– Считай, что мне не даёт покоя «слава» моей матушки, – с горьковатым и колким, нервным смешком пошутила Темань. – Знаешь, что Владычица сказала мне в день её казни? Что не будет преследовать меня, так как не считает опасной. По её мнению, я слишком глупа для этого.
– И ты хочешь доказать ей, что ты не хуже своей родительницы? – покачала головой Леглит. – От всей души советую тебе: не вступай в противоборство с сильными мира сего. У меня леденеет сердце при мысли, что я могу тебя потерять...
При этих словах голос у женщины-зодчего дрогнул потаённым пылом и чувством, глубоко спрятанным за маской дружбы, и она сжала руку Темани с большим жаром, чем пристало другу.
– Отчего же ты боишься потерять меня? – Темань, пожав руку Леглит в ответ, заглянула глубоко в её глаза, стараясь выудить из мерцающего мрака её зрачков заветное признание.
Леглит сжала губы, меж её сдвинувшихся бровей проступила складочка. Выпустив руку Темани, она пробормотала глухо:
– Потому что ты дорога мне.
Темань затаила вздох: как и всегда при прямом вопросе о чувствах, Леглит опять съёжилась, закрылась, и такие нужные, такие тёплые и долгожданные слова всё же не сорвались с её уст. Рот её, в отличие от суровых губ Северги, был мягким, в нём не проступало железной воли и жестокости, но и чувственностью он не отличался – тонковат, пресноват да и, пожалуй, слабоват... Нет, Леглит, скорее всего, не была способна сломать кровать яростным напором неистовой страсти, но не это Темань в ней искала, не на это откликалось её истосковавшееся, голодное сердце. Ей просто хотелось, чтоб её любили. Её одну, единственную, только её. Больше, чем кого-либо на свете.

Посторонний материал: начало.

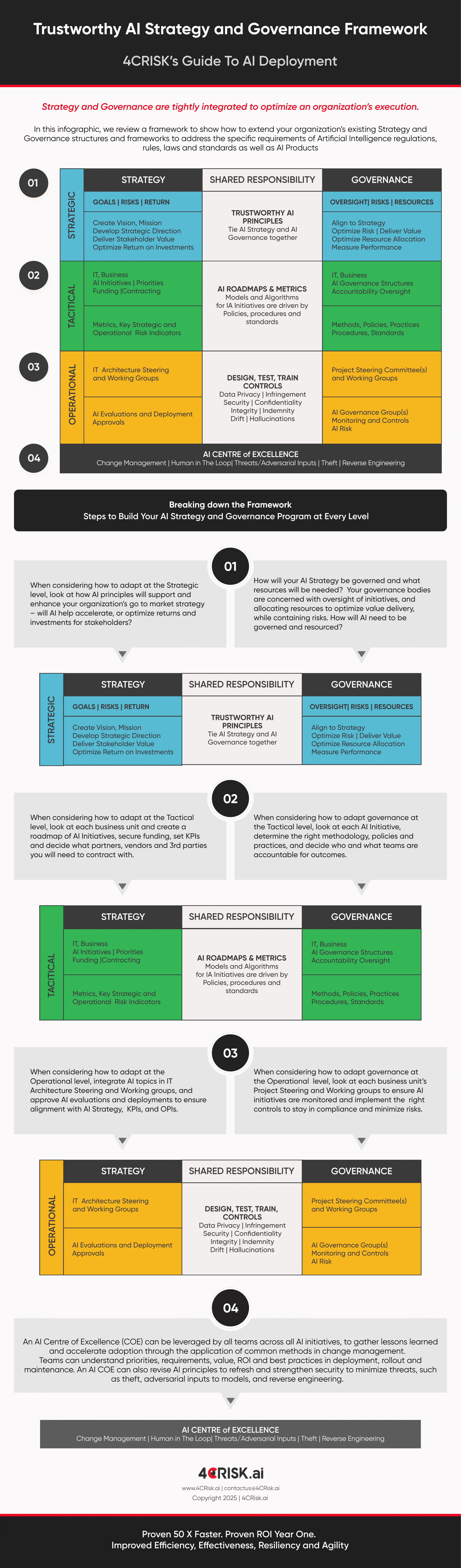 In this infographic, we review a framework to show how to extend your organization’s existing Strategy and Governance structures and frameworks to address the specific requirements of Artificial Intelligence regulations, rules, laws and standards as well as AI Products.

– А всё-таки почему мы разговариваем на улице? – Сердце накрыла прохладная пелена грусти, и Темань зябко закуталась в плащ.
– Стены имеют уши, – проронила Леглит.
– В каком смысле? – нахмурилась Темань.
– В прямом. Это я говорю тебе как строитель таких вот домов. – Навья-зодчий кивнула в сторону обнесённого кованой оградой особняка, мимо которого они проходили.

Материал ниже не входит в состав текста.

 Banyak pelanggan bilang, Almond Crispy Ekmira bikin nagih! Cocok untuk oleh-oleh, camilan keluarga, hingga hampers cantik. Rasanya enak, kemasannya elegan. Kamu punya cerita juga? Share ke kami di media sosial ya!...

Серьёзный мрак её расширившихся зрачков отозвался в груди Темани тревожным ёканьем. А Леглит добавила:
– Будь осторожна в словах, даже если тебе кажется, что никто не слышит. Это только кажется.
И всё же вопреки её предостережениям, Темань отдала рукопись в издательство, с которым уже давно сотрудничала. Работы её принимали там без колебаний, даже правок особых не вносили: в текстах Темани исправлять было почти нечего, писала она изысканно и грамотно. Обычно её без задержек извещали о том, что книга принята к печати, а тут госпожа редактор после их встречи надолго замолкла. Темань уже собиралась было заглянуть к ней и полюбопытствовать, в чём загвоздка, когда вдруг пришёл вызов, а точнее, приглашение к Дамрад. Писала не Владычица собственноручно, а секретарь её канцелярии – по поручению Её Величества.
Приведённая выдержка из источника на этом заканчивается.